Auf meinen Spaziergängen durchs Handschuhsheimer Feld träume ich manchmal davon, dass hier auf einem Platz unter freiem Himmel ein dauerhaft begehbares Labyrinth entstehen könnte, wie es inzwischen an vielen Orten in Deutschland und weltweit der Fall ist. Da gibt es Rosen- und Lavendellabyrinthe, Rasen- und Steinlabyrinthe. Schöne Beispiele finden Sie auf dieser Internetseite.

Der Gottesdienst, den wir am 3. Juni dieses Jahres auf dem Gelände der Gärtnerei Stockert gefeiert haben, hat mich darin bestärkt, in diese Richtung weiter zu denken. Das Handschuhsheimer Feld ist neben einer gewachsenen und sich stetig wandelnden Kulturlandschaft auch ein wichtiges Naherholungsgebiet. Viele Spaziergängerinnen, Jogger und Walkinggruppen drehen dort regelmäßig ihre Runden, mit und ohne Hund.
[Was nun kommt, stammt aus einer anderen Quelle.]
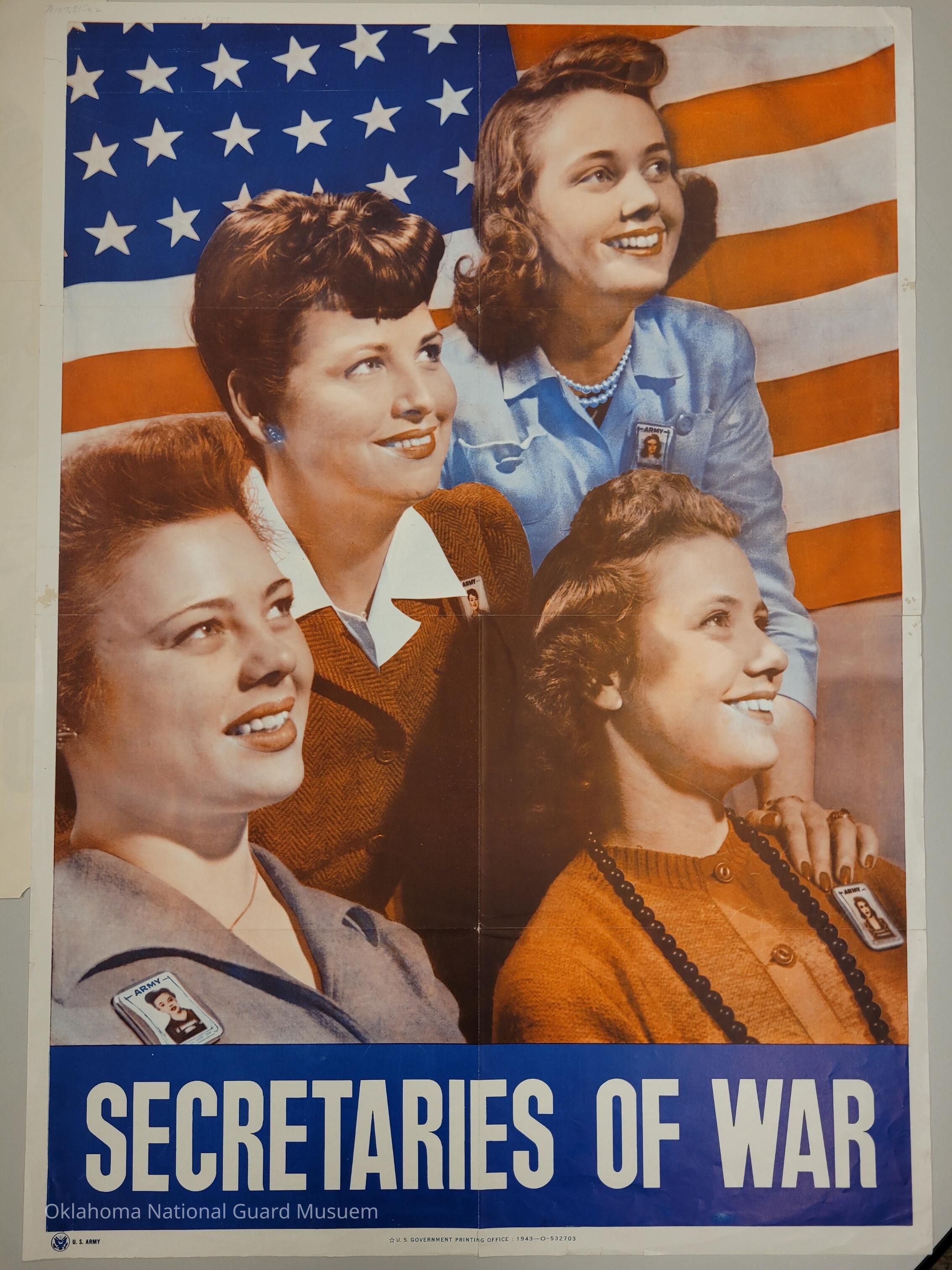 United States Army poster with an illustration of four women posing in front of a U.S. flag. The women are wearing Army identification badges on their shirtsCollection

In einem Labyrinth könnten sie und viele andere neben frischer Luft, offenem Himmel und den sich je nach Jahreszeit wandelnden Äckern, Feldern und Wiesen auch spirituell Kraft tanken. Das passiert nämlich beim Abschreiten eines Labyrinths. Der vorgegebene Weg mit seinen zahlreichen Windungen und Wendungen wird durchlässig für die eigenen Lebenswege mit ihren Umwegen und zusätzlichen Schleifen, die manchmal weit weg von einem Ziel und doch zielstrebig zu einer Mitte führen.

Photo by Ashley Batz/Unsplash

Photo by Markus Spiske/Unsplash

Das Labyrinth könnte Teil eines großen Kirchengartens im Feld werden. Kindergartenkinder könnten dort Kräuterschnecken anlegen oder Gemüse anbauen. Der Waldtreff könnte seine Angebotspalette zum Feldtreff erweitern und Kinder und Jugendliche zum Gärtnern und zu einem sensiblen Umgang mit Mutter Erde anleiten. Es könnte dort auch ein Demenzgarten mit Hochbeeten entstehen, der den Tast-, Geruchs- und Geschmackssinn aktiviert und bei Menschen mit dementiellen Erkrankungen vielfältige Erinnerungen freisetzt.

Vielleicht haben Sie ja gute Ideen, ein Stück Land, praktische Tipps, zwei grüne Daumen, langjährige Erfahrungen als Landschaftsgärtner, die nötigen Kontakte oder einfach Lust, mit anderen zusammen Träume wahr werden zu lassen.

Dann melden Sie sich bitte bei Pfarrerin Martina Reister-Ulrichs,
gerne per Mail an m.reister-ulrichs[at]ekihd.de
oder am Telefon: 06221-6560-232.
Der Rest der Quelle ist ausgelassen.